◆ TASK INSTRUCTIONS ◆
Look through the listing below for the line with "Specifics of the" and the line with "Statistics. Selecting this". Copy both, along with every line between them, exactly and with no pictures.

--- PROVIDED MATERIAL Enclosed Below ---

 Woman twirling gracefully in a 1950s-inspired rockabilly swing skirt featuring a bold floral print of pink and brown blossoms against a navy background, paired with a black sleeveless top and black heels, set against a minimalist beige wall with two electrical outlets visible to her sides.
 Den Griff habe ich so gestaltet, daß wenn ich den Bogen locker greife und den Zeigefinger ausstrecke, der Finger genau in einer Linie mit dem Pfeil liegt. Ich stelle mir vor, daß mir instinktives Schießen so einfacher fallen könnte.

--- End of Enclosed PROVIDED MATERIAL ---
--- PROVIDED MATERIAL Enclosed Below ---

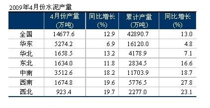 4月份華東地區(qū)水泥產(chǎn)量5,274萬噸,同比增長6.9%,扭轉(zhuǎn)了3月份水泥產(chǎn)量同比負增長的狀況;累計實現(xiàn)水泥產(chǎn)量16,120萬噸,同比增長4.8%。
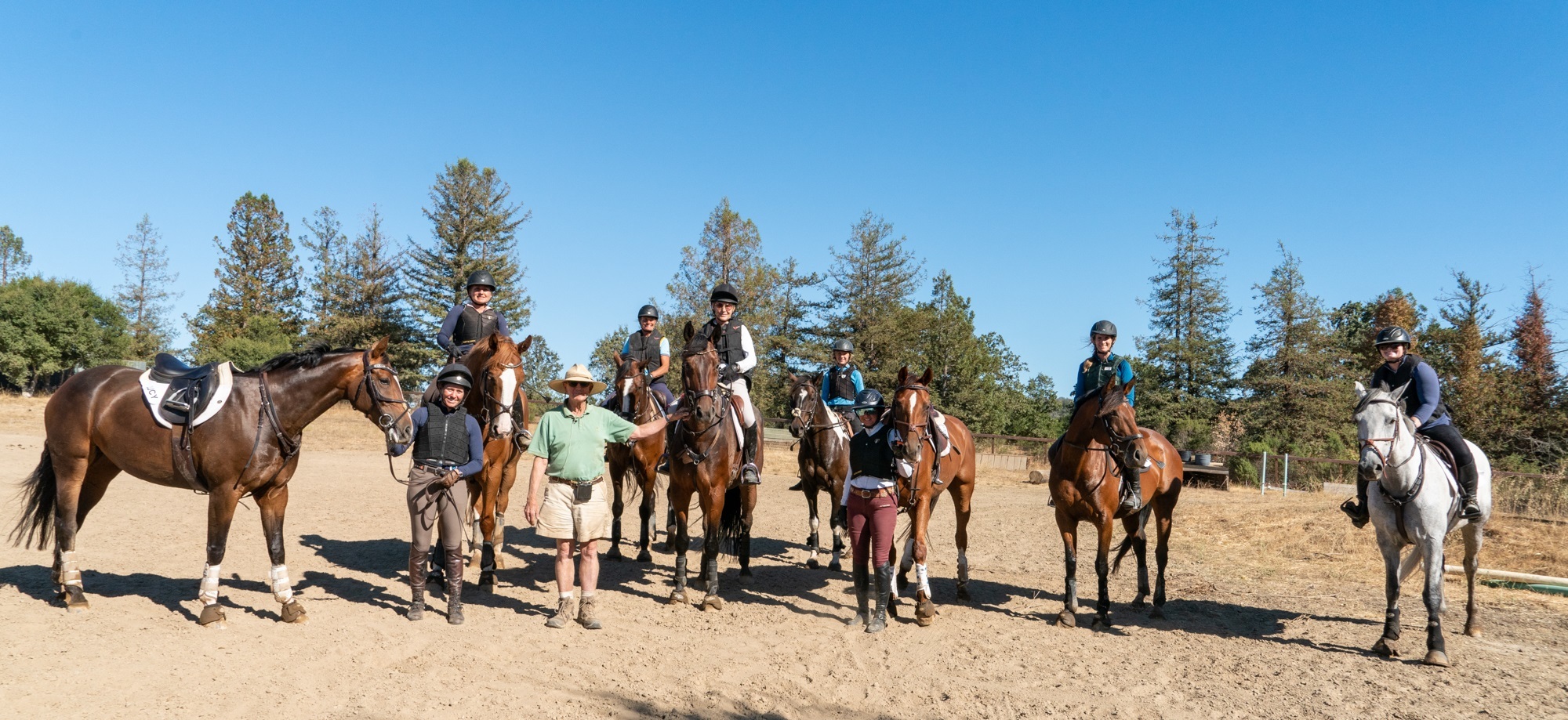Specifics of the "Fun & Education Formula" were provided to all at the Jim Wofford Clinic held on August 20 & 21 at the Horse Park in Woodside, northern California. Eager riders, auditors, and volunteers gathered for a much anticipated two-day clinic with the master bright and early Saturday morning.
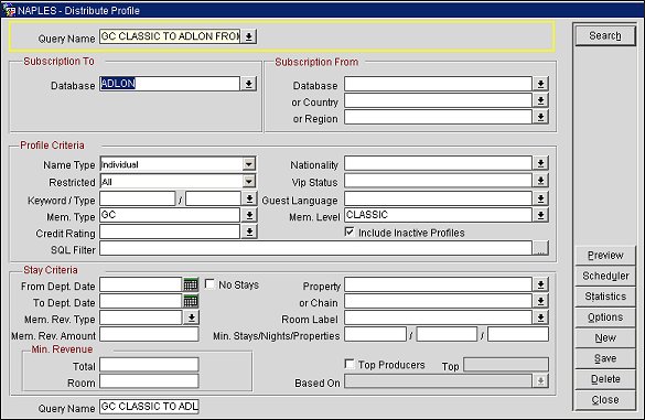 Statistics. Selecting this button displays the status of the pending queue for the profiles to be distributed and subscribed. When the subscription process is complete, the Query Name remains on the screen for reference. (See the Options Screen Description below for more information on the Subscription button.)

--- End of Enclosed PROVIDED MATERIAL ---
--- PROVIDED MATERIAL Enclosed Below ---

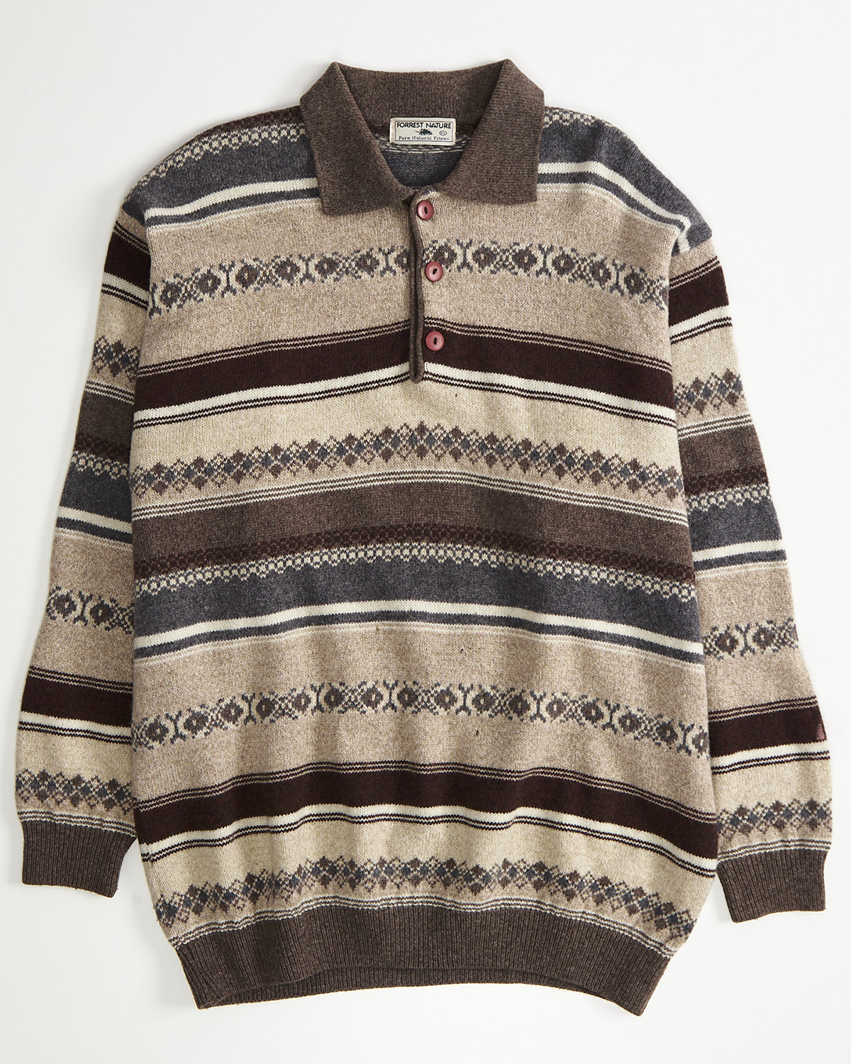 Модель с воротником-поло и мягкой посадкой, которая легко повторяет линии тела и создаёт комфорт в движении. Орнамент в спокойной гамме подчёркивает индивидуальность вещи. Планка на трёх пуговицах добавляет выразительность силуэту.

--- End of Enclosed PROVIDED MATERIAL ---

◆ SOLUTION TO THIS PROBLEM ◆
Specifics of the "Fun & Education Formula" were provided to all at the Jim Wofford Clinic held on August 20 & 21 at the Horse Park in Woodside, northern California. Eager riders, auditors, and volunteers gathered for a much anticipated two-day clinic with the master bright and early Saturday morning.
 Statistics. Selecting this button displays the status of the pending queue for the profiles to be distributed and subscribed. When the subscription process is complete, the Query Name remains on the screen for reference. (See the Options Screen Description below for more information on the Subscription button.)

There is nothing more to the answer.